I know I should be blogging on serious things, like Barack Obama in Afghanistan. Bear with me for a minute. Professor Schaff posted an excellent review of The Dark Knight just before I did. I agree with almost all of it. I am not quite sure I agree with this:
One of the few disappointments I have with the film going experience is the laughter some viewers had with the Joker, a character so obviously devoted to cruelty as a way of life. As I noted above, the Joker is amusing at times, but as the film develops his sadism is so clear that he is no longer an object worthy of laughter. I think this error is on the part of some in the audience, not the film.
I don't believe for a moment that the audience was laughing with the Joker. Oddly enough, laughter doesn't always mean that something is funny. Sometimes it is a genuine reaction to something outrageously anomalous. It is not unusual in movies for a villain to look down at the sword thrust into his torso (by the hero of course), and laugh. The laugh just means that he can't quite believe what he is seeing. The Joker's goofy behavior as he beats Batman with a crowbar, it made some of us laugh (myself included) because there just can't be such a creature as this. And yet there he was.

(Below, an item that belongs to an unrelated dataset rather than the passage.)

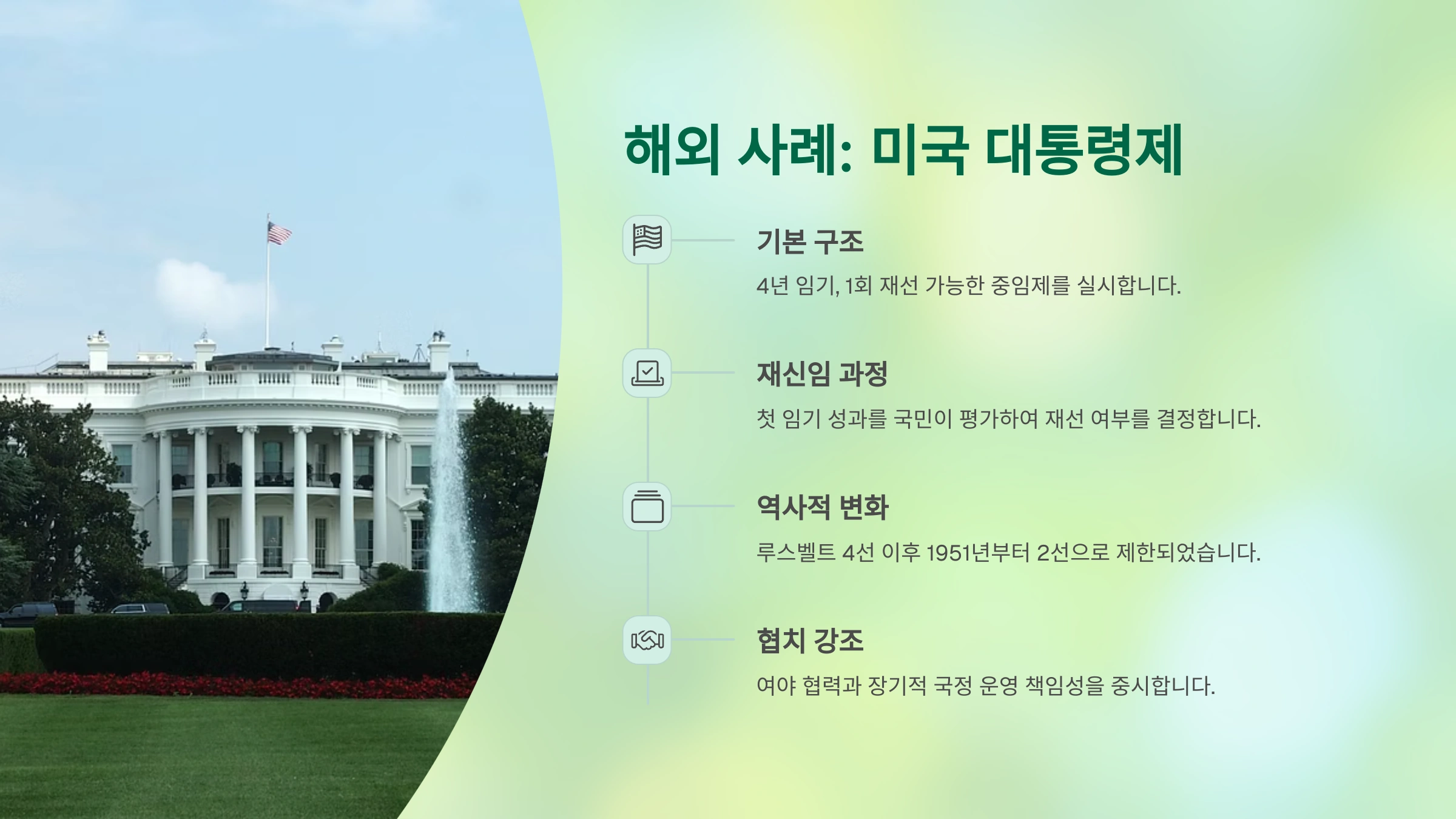 미국의 사례는 4년중임제가 정치적 안정성과 정책 연속성을 어떻게 보장할 수 있는지 보여주는 중요한 참고 사례입니다.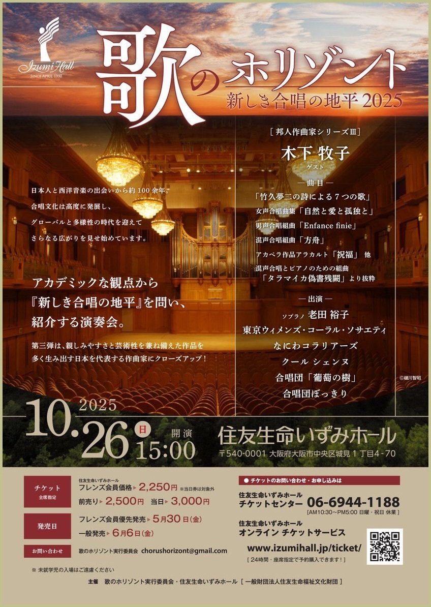歌のホリゾント〜新しき合唱の地平2025 邦人作曲家シリーズIII 木下牧子

One of the brilliant touches in the movie is that the Joker offers us an explanation for himself. He explains that, as a boy, he watched his father murder his mother. And as a man, he made a great sacrifice for his wife (this explains his scars), which she repaid by hating him and abandoning him. A few decades ago that would have sufficed for an explanation: he was abused and traumatized, so now he abuses. But this not the Joker's view. Life gave me lemons, look at the delicious lemonade I have made from them! He is a sociopath to be certain, but it is not at all clear that he is insane. He knows the difference between right and wrong, knows that death is death, etc. He is just utterly uninhibited by such notions. He kills without the slightest hesitation, and is perfectly free from any fear of his own death. The Joker is an artist and an idealist, but his ideals are mayhem, misery, and death. That is what is so truly terrifying about him.
All this is correct, in the context. What justifies the superhero is the pure evil of the perfect supervillain. But it's not, unfortunately, just fiction. There are people for whom the most brutal murder has become a high ideal.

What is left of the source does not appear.